Hospitality industry offers a roadmap to hospital and ER services

Outsource or in-house

Some hospitals have borrowed a people processes place framework, frequently used in the hospitality industry to improve service quality. Some hospitals have outsourced their dining services, maintenance, facilities management, engineering, biomedical equipment management and housekeeping functions to hospitality service providers such as ARAMARK Healthcare and Sodexo, while others have worked with hotel operating companies or hospitality-related firms such as the Ritz-Carton Hotel Company, Four Seasons Hotels and Resorts and the Walt Disney Company for training in-service processes and management. Unfortunately, many ER and hospital administrators continue to offer services that fit an earlier decade and a different target market.

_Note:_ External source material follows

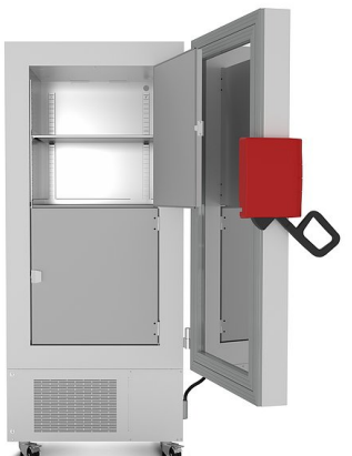
Model UF V 500
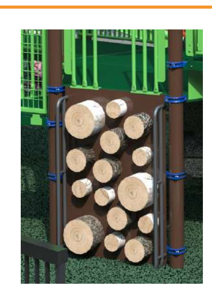
Stump Climbers $6,000.00

Out-patient and in-hospital facilities

Single patient rooms have been shown to help reduce medical error rates, lessen patient stress and depression, and shorten length of stay while increasing overall satisfaction with the hospital. Newly designed hospitals even offer private single in-room stay-over facilities for family members. Clinicians value patients’ families as important partners in care through social and psychological support which can speed recovery. Family members may even monitor the patient when the nursing staff cannot be present. Some hospitals have begun to offer the comfort of luxury suites to compete for customers who are willing to pay additional out-of-pocket costs that are typically not covered by insurance.

Priorities

Luxurious public spaces may be attractive; however, health facility planners should accept the reality that patients typically do not experience the hospital lobby for an extended period, so substantial investment in lobbies have limited viability. In addition, the design and use of resources for expansive lobby spaces to justify additional construction and operating expenses is unnecessary.

Signage and way-finding

Improving hospital and ER services? Hospitality industry offers roadmap
Hospitality industry offers a roadmap to hospital and ER services

Hotels are usually designed to facilitate direction finding through signage and landmarks. However, hospitals may have expanded in multiple phases on limited land parcels, making them extremely difficult to navigate for patients and families. Hotel style way-finding can save hospitals significant amounts of money. One study (1990), found a savings of approximately $450 per bed when accounting for the hidden costs of hospital staff providing directions when their responsibilities were elsewhere.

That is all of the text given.